Xie Ashleigh, Phan Kevin, Yan Tristan D
1 The Collaborative Research (CORE) Group, Macquarie University, Sydney, Australia ; 2 Department of Cardiothoracic Surgery, Royal Prince Alfred Hospital, Sydney, Australia.
Ann Cardiothorac Surg. 2014 Nov;3(6):547-56. doi: 10.3978/j.issn.2225-319X.2014.11.01.
Left ventricular assist devices (LVADs) are becoming an increasingly viable alternative therapy for heart failure, either as a bridge to heart transplantation (BTT) or destination therapy (DT). The latter has become increasingly popular in recent years, in the face of a donor organ shortage and a rise in elderly patients ineligible for heart transplants. For these patients in particular, device durability is a key contributor to survival, morbidity, and quality of life. This systematic review aimed to assess the long-term durability of current continuous-flow LVADs.
Six electronic databases were searched from their dates of inception to August 2014 for original studies reporting on patients receiving continuous-flow LVADs. LVAD failure was defined as device malfunction necessitating exchange or explantation, or causing patient mortality. Pooled averages were calculated for outcomes and rates of device failure were reconstructed from digitized graph curves using the software, WebPlotDigitizer v3.3.

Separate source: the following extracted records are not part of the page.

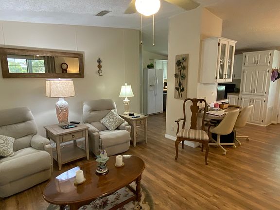 If you are looking for a smaller home in a 55+ community then do not miss seeing this one. It is home is located on a quiet street in The Gardens. The home is 1995 with 1008 square feet. It has two bedrooms and two bathrooms with a large kitchen, living and dining room. The kitchen was redone with new countertops, two pantries, and tile flooring. The dining room has a small desk area for you to work at. The roof and air conditioner were replaced in 2015. All the appliances in the kitchen are from 2017 except for the refrigerator which is from 2015. The has had a new vapor barrier, and tie downs in 2022. This home has an indoor laundry room right off the kitchen. The lanai is in front of the home and is a nice size with the vinyl windows being replaced in 2016. The cabinets in the kitchen were repainted and new hardware was added in 2016. The owner had the vapor barrier and tie downs redone in 2022. It is home is located on a quiet street in The Gardens. The Gardens is a 55+ community with a remodeled clubhouse with amenities Olympic size swimming pool, hot tub, outdoor kitchen, shuffleboard courts, horseshoes, ceramic area, library, card room, exercise room, billiard room, large industrial kitchen, craft room, and a large ballroom for all types of activities. The Gardens is a pet-friendly community allowing one dog or cat. The lot rent on this home is $966.00 plus pass-through tax of $52.38 which includes mowing, edging, trimming, and Spectrum cable (two hundred cable channels, 2 HD boxes, and internet). All listing information is deemed reliable but not guaranteed and should be independently verified through personal inspection by appropriate professionals. Integrity Mobile Home Sales cannot guarantee or warrant the accuracy of this information, measurements, or condition of any property. Measurements are approximate. Lot rent is subject to change.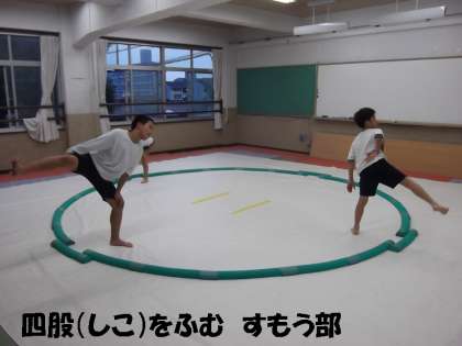 すもう部は,今日は3名/4名中の参加でしたが,一生懸命四股(しこ)をふんで練習していました。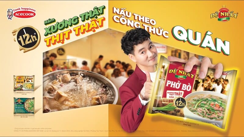 TVC khắc họa quy trình nấu phở công phu với hình ảnh Xuân Bắc dẫn chuyện sinh động, dí dỏm. Quảng cáo truyền hình này nhấn mạnh thông điệp “xương hầm thịt thật trong 12 giờ”, tạo sự tin tưởng về chất lượng sản phẩm. Hình ảnh đời thường, gần gũi giúp TVC được khán giả nhớ lâu và dễ lan truyền trong dịp Tết, khi các gia đình quan tâm đến bữa ăn truyền thống.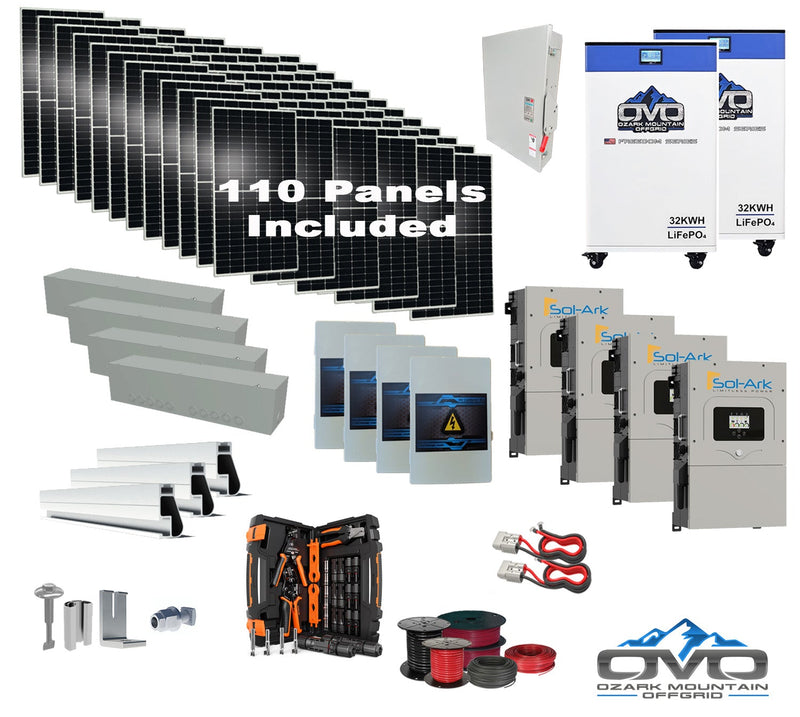 60KW Complete Offgrid Solar Kit + 4x 15K Sol-Ark Inverter + 2x 32kWh OMO 48V Freedom Series Lithium Battery +60.5KW Solar with Roof Mount and Wiring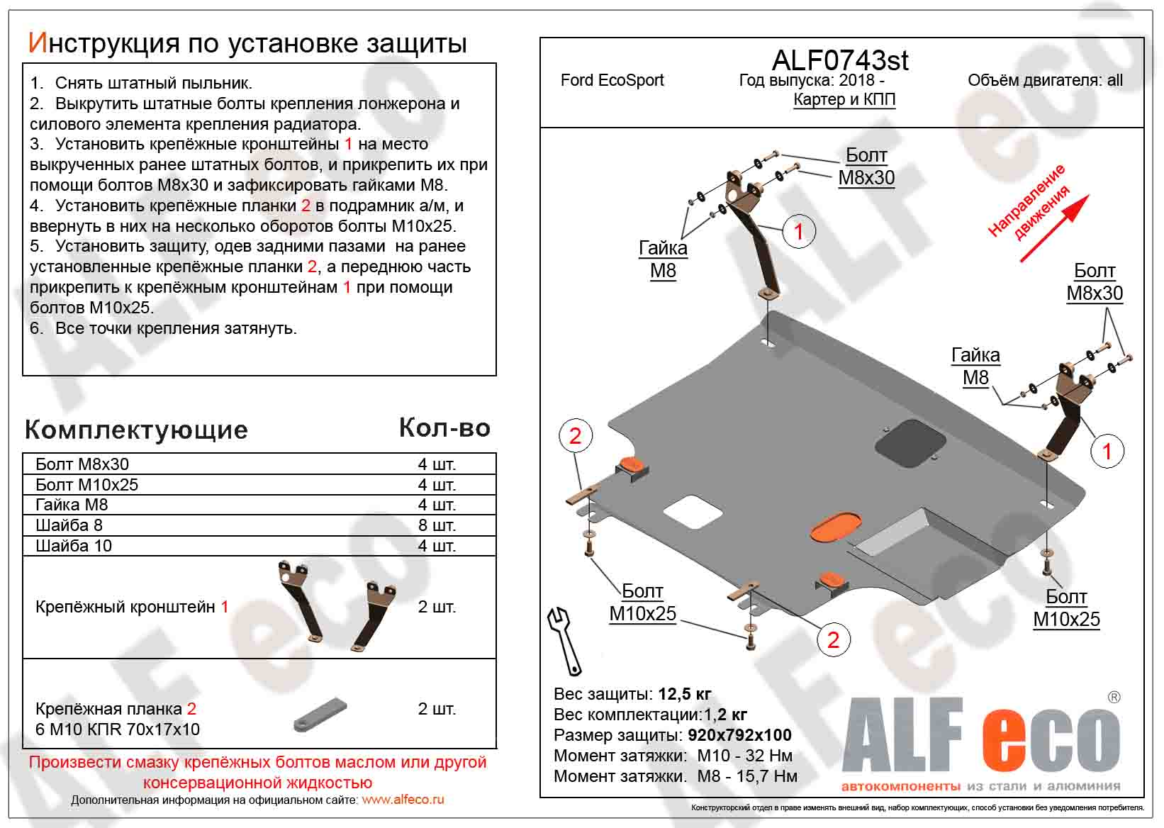 Защита картера и КПП ALFeco арт. ALF0743al изготовлена из алюминия толщиной 4мм специально для автомобиля Ford Eco Sport 2018-. Обеспечивает надежную защиту агрегатов от механических повреждений и попадания дорожной грязи и других предметов, встречающихся на проезжей части, способных зачастую нанести серьезный вред автомобилю. В комплекте идет весь необходимый крепеж для установки. Наличие можно уточнить по телефону. Возможна установка в нашем автосервисе по предварительной записи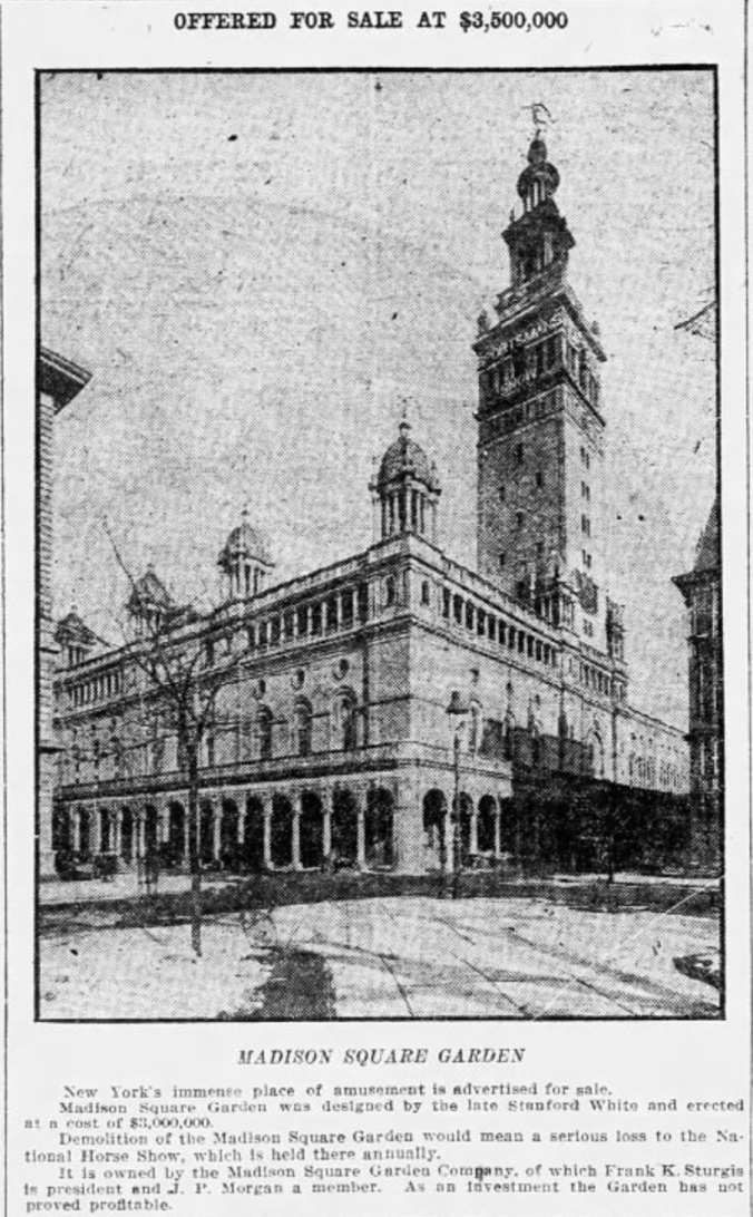 Madison Square Garden was up for sale in 1911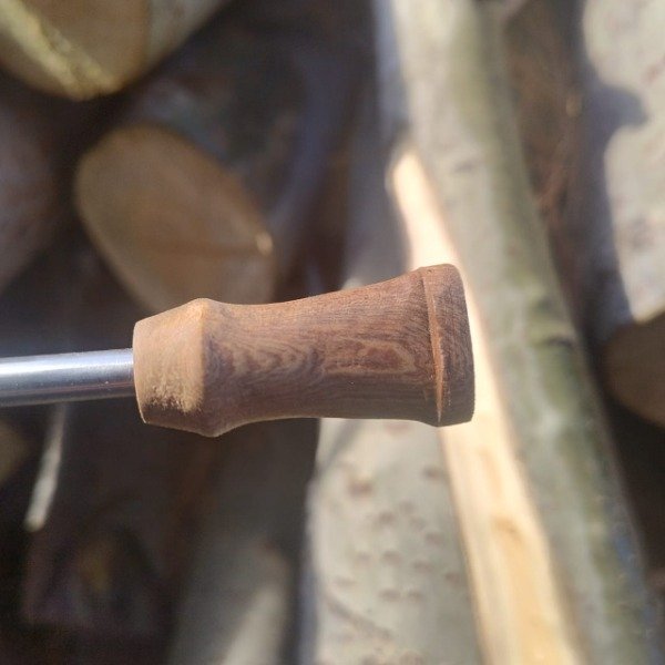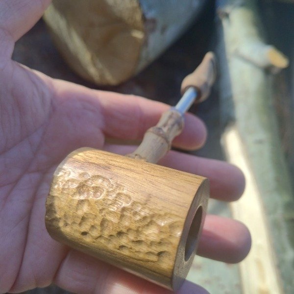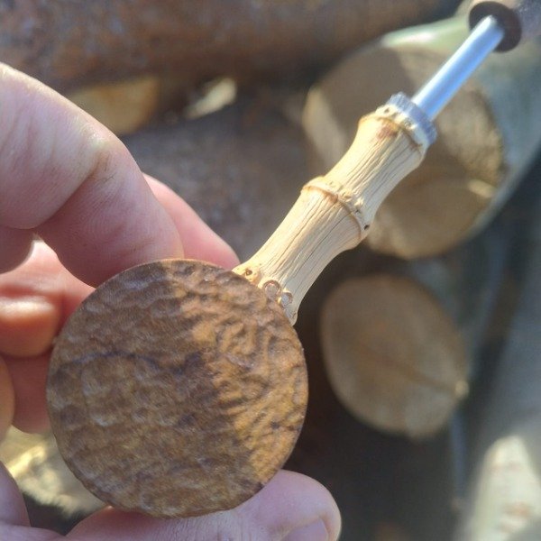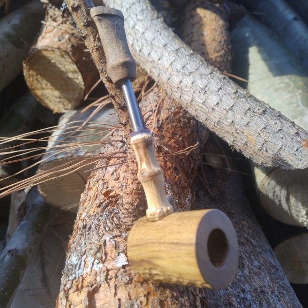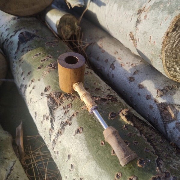 Cazoleta en raiz de laurel patagonicocon un tallado parcial en su cazoleta y en su base, caño en acero quirúrgico de alta calidad que nace en la boquilla y termina en la cazoleta misma con un recubrimiento de bambú y con anilla en acrílico negro y boquilla en raíz de nogal. Peso 53 grs, Largo de la pipa 16,5cm, cazoleta confeccionada con una medida de 4 cm por 4, cm, con una altura de 5 cm, y profundidad del hornillo de 3,7 cm con apertura de su boca de 19,5 mm y teminando e su base en 14 mm, dando una forma conica que permite mayor vida a la cazoleta, dicha confeccion de hornillo es de diseño porpio.

Twelve retrospective observational studies with a total of 5,471 patients were included for analysis. The mean duration of LVAD support was 504.7 (range, 303-568) days, and the overall weighted incidence of device failure was 3.9% (range, 1-11.3%). On average, pump thrombosis was the most common cause of device failure (50.5%), followed by lead or cable damage (21.7%), mechanical pump failure (11.6%), device-related infection (11.1%), and surgical complications from implantation (2.5%). Long-term device failure rates at 2-, 6-, 12-, 18- and 24-months post-implantation were 0.5%, 1.8%, 2.9%, 4.5% and 6.5%, respectively.

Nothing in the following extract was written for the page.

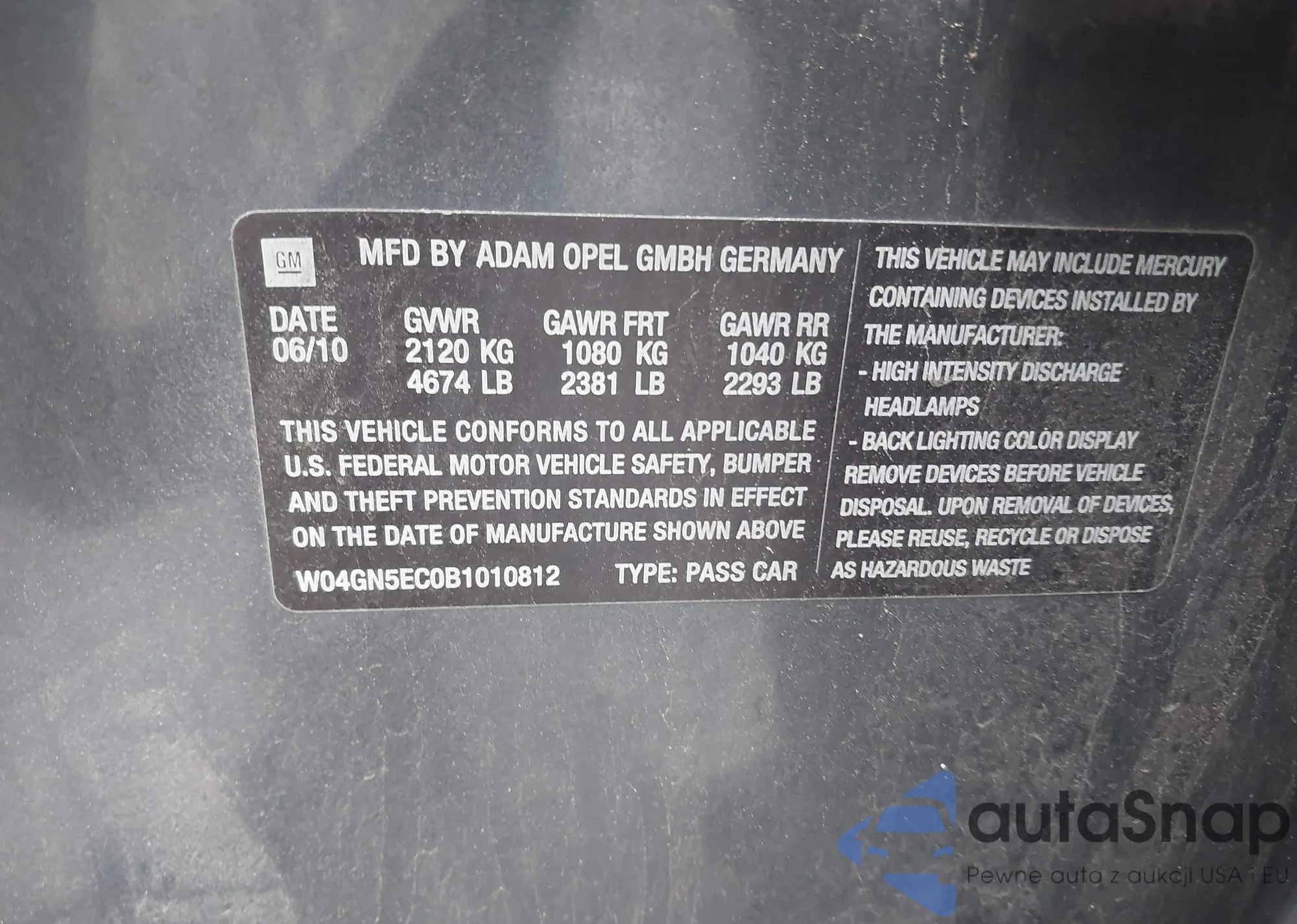 VIN: W04GN5EC0B1010812
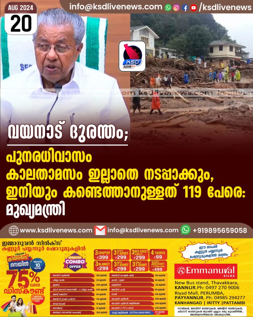 വയനാട് ദുരന്തം; പുനരധിവാസം കാലതാമസം ഇല്ലാതെ നടപ്പാക്കും, ഇനിയും കണ്ടെത്താനുള്ളത് 119 പേരെ: മുഖ്യമന്ത്രി

With the expected rise in LVAD usage for end-stage heart failure, particularly as a DT, the steady minority of patients experiencing device failure is likely to increase. Further investigation is required into the incidence and mechanism of major causes of failure, as well as design improvements that may address these complications. There is currently a lack of guidelines and large randomized studies reporting on the etiology and outcomes of LVAD failure.
左心室辅助装置(LVADs)正日益成为治疗心力衰竭的一种可行替代疗法,可作为心脏移植的过渡治疗(BTT)或终末期治疗(DT)。近年来,面对供体器官短缺以及不符合心脏移植条件的老年患者数量增加的情况,后者越来越受欢迎。对于这些患者而言,装置的耐用性是影响生存、发病率和生活质量的关键因素。本系统评价旨在评估当前连续流LVADs的长期耐用性。
检索了六个电子数据库,从其创建日期至2014年8月,查找关于接受连续流LVADs患者的原始研究。LVAD故障定义为需要更换或取出装置的故障,或导致患者死亡的故障。计算汇总平均值作为结果,并使用WebPlotDigitizer v3.3软件从数字化图形曲线重建装置故障率。
纳入12项回顾性观察研究,共5471例患者进行分析。LVAD支持的平均持续时间为504.7(范围303 - 568)天,装置故障的总体加权发生率为3.9%(范围1 - 11.3%)。平均而言,泵血栓形成是装置故障最常见的原因(50.5%),其次是导线或电缆损坏(21.7%)、机械泵故障(11.6%)、与装置相关的感染(11.1%)以及植入手术并发症(2.5%)。植入后2个月、6个月、12个月、18个月和24个月的长期装置故障率分别为0.5%、1.8%、2.9%、4.5%和6.5%。
随着终末期心力衰竭患者使用LVAD的预期增加,特别是作为终末期治疗,经历装置故障的少数患者数量可能会增加。需要进一步研究主要故障原因的发生率和机制,以及可能解决这些并发症的设计改进。目前缺乏关于LVAD故障的病因和结果的指南及大型随机研究。